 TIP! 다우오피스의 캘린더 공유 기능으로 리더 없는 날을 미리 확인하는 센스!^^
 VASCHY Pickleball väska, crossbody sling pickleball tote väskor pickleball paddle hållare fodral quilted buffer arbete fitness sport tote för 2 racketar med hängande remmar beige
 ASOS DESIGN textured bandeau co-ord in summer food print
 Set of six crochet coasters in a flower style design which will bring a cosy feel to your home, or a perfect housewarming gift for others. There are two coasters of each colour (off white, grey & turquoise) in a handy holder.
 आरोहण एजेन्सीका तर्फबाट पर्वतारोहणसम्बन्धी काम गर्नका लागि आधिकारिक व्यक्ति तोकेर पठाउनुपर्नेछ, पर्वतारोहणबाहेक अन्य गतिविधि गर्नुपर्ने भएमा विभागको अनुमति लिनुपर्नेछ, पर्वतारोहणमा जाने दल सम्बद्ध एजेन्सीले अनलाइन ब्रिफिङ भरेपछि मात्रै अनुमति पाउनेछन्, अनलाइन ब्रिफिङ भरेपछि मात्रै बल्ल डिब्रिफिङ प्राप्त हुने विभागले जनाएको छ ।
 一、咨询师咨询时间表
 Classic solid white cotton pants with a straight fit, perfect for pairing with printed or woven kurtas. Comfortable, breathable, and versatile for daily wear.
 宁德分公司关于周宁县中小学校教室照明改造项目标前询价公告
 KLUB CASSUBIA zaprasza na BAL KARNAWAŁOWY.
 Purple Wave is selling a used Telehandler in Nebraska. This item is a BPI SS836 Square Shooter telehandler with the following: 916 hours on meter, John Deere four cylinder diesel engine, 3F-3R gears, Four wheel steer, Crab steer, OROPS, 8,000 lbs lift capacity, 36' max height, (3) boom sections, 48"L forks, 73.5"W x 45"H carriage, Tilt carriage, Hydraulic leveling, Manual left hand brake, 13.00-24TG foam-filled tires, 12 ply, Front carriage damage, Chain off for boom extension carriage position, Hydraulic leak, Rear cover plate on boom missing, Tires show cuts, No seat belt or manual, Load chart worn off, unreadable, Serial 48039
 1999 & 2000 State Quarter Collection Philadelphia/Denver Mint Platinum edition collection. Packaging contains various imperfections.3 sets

Activity >> Return exactly the leading lines of the listing, stopping after the line in which "Set of six crochet" occurs.

Answer section >>
 TIP! 다우오피스의 캘린더 공유 기능으로 리더 없는 날을 미리 확인하는 센스!^^
 VASCHY Pickleball väska, crossbody sling pickleball tote väskor pickleball paddle hållare fodral quilted buffer arbete fitness sport tote för 2 racketar med hängande remmar beige
 ASOS DESIGN textured bandeau co-ord in summer food print
 Set of six crochet coasters in a flower style design which will bring a cosy feel to your home, or a perfect housewarming gift for others. There are two coasters of each colour (off white, grey & turquoise) in a handy holder.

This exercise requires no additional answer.